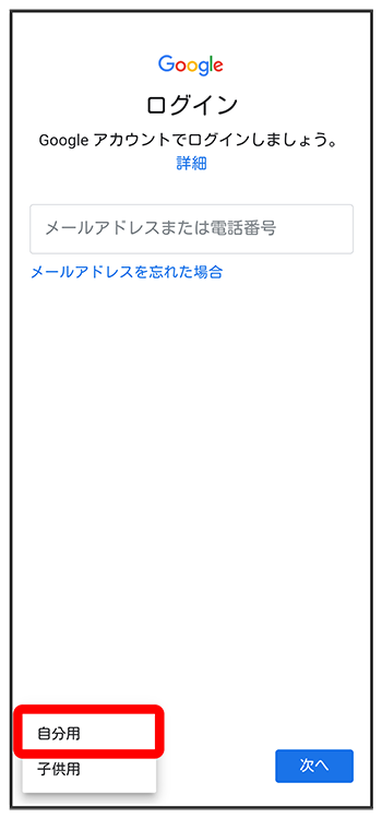 - 子供用のアカウントを作成する場合は、をタップし、画面に従って操作してください。
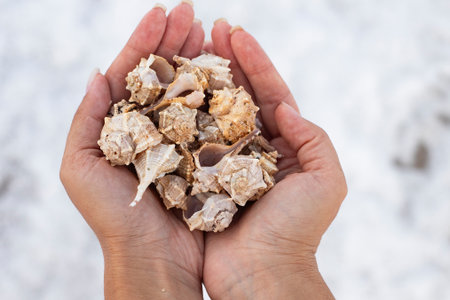 Natural shells collected on the beach. In hands, sea shells background image
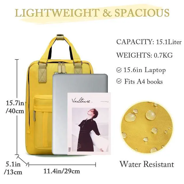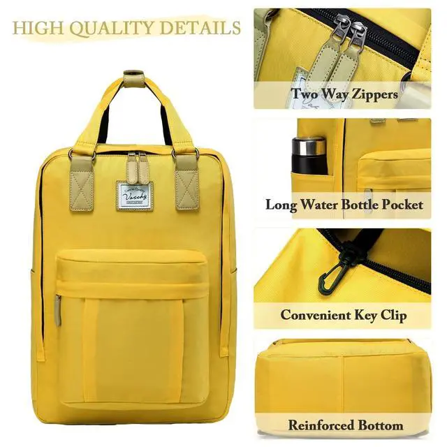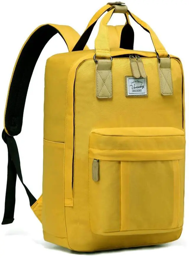 VINTAGE DESIGN: The Vaschy laptop backpack is made of high quality water resistant fabric, which is soft and durable. The vintage school backpack features a rectangle and streamlined design with adjustable shoulder straps for a better overall fit. The two top handles for hand toting the backpack makes it more convenient and comfortable to carry. ^^ EASY TO ORGANIZEThe casual backpack features a wide 180-degree opening for easy storage of everyday bulky items. The daily backpack can easily accommodates laptops from 13" to 15.6". Thickened padded laptop sleeve of the main compartment provides better protection for your laptops on commute.
----
[What is needed] Reproduce the material above in full, images excluded.

[Task output]
 - 子供用のアカウントを作成する場合は、をタップし、画面に従って操作してください。
 Natural shells collected on the beach. In hands, sea shells background image
 VINTAGE DESIGN: The Vaschy laptop backpack is made of high quality water resistant fabric, which is soft and durable. The vintage school backpack features a rectangle and streamlined design with adjustable shoulder straps for a better overall fit. The two top handles for hand toting the backpack makes it more convenient and comfortable to carry. ^^ EASY TO ORGANIZEThe casual backpack features a wide 180-degree opening for easy storage of everyday bulky items. The daily backpack can easily accommodates laptops from 13" to 15.6". Thickened padded laptop sleeve of the main compartment provides better protection for your laptops on commute.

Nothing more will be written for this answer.